The doctors at Stony Brook did not have the facilities to handle Mia’s situation, but through extensive research, the couple learned about Boston Children’s Hospital, Harvard’s pediatric teaching facility. After two months at Stony Brook, Mia was transferred to Boston on April 1, 2007. She remained in the intensive care unit there for three weeks, and lived in the hospital until that June. “We decorated her side of the room like a baby’s room,” Ms. Buffo said. Life in the hospital was “Mia’s reality,” and that of her parents, too.
“I was very lost,” Ms. Buffo recalled. “We had no idea what to do.” But through more research, constant visits with doctors, and connecting with other parents in similar situations, they have found their way forward.
“I’d never been so involved in the medical world,” Ms. Buffo said. Now, “When a child’s born with a ‘mito’ disease, I’m a family advocate. It’s very rewarding and very therapeutic for me.”
When Ms. Buffo learned that she is a carrier for Mia’s disease, the couple decided not to have other children. “It’s heartbreaking, but it’s also so beautiful that I get to spend quality time with Mia.”
Mia is enrolled in a special-needs teaching school on the Boston College campus, which has a nursing staff. She also has around-the-clock home nursing care because many of her needs are too great for her parents to handle without professional backup. “When she gets sick, she gets really sick,” and even an illness that might be minor for other children can be life-threatening for her. “We never know when she’s going to pass,” Ms. Buffo said. “She probably won’t live to be a teenager.”

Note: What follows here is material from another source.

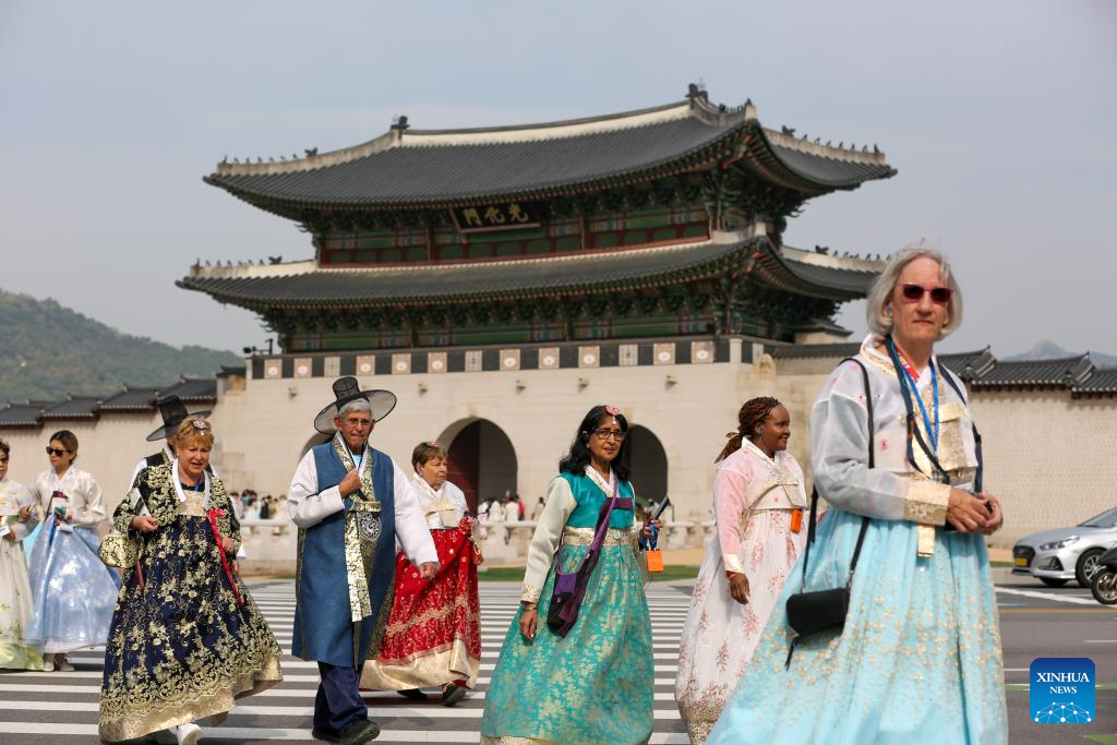Tourists wearing Hanbok cross a street near Gwanghwamun, the largest gate of Gyeongbokgung Palace in Seoul, South Korea, Oct. 18, 2023. Gyeongbokgung Palace's Gwanghwamun gate has opened to the public after being restored to its original state for the first time. (Xinhua/Wang Yiliang)

Developmentally, Ms. Buffo said, Mia is about 6 months old, and communicates with some of the same simple sounds of a baby at that age. Her parents know when she is excited or happy, when she is content, or when something new intrigues her. She can see peripherally, and has a keen sense of smell. “She smells me. She knows as soon as I pull up at school.” But “simple things like eating something delicious,” Mia will never experience.
“Sometimes you feel like you’re drowning,” Ms. Buffo said, but she and her husband “stopped asking, ‘Why did this happen to us?’ ” They look instead to the gifts Mia has given them. “She’s taught us so much beyond what I would have ever expected. . . . She’s just all love. She’s brilliant. Mia’s my teacher. She’s guiding us through this.”
“Making decisions as a parent has been very rough,” Ms. Buffo said. “I find peace in the fact that I know we’re doing the right thing for us.”
Entry to the fund-raiser on Saturday will be by donation of any amount. There will also be a raffle. Those who cannot make the party but would like to make a donation toward the minivan may do so by mailing a check to Miracle for Mia, P.O. Box 1463, Bridgehampton 11932. Donations can also be made by PayPal on Mr. Zingarelli’s blog about his daughter, zingoswest.blogspot.com.
The family plans to attend the fund-raiser on Saturday if Mia is in good health.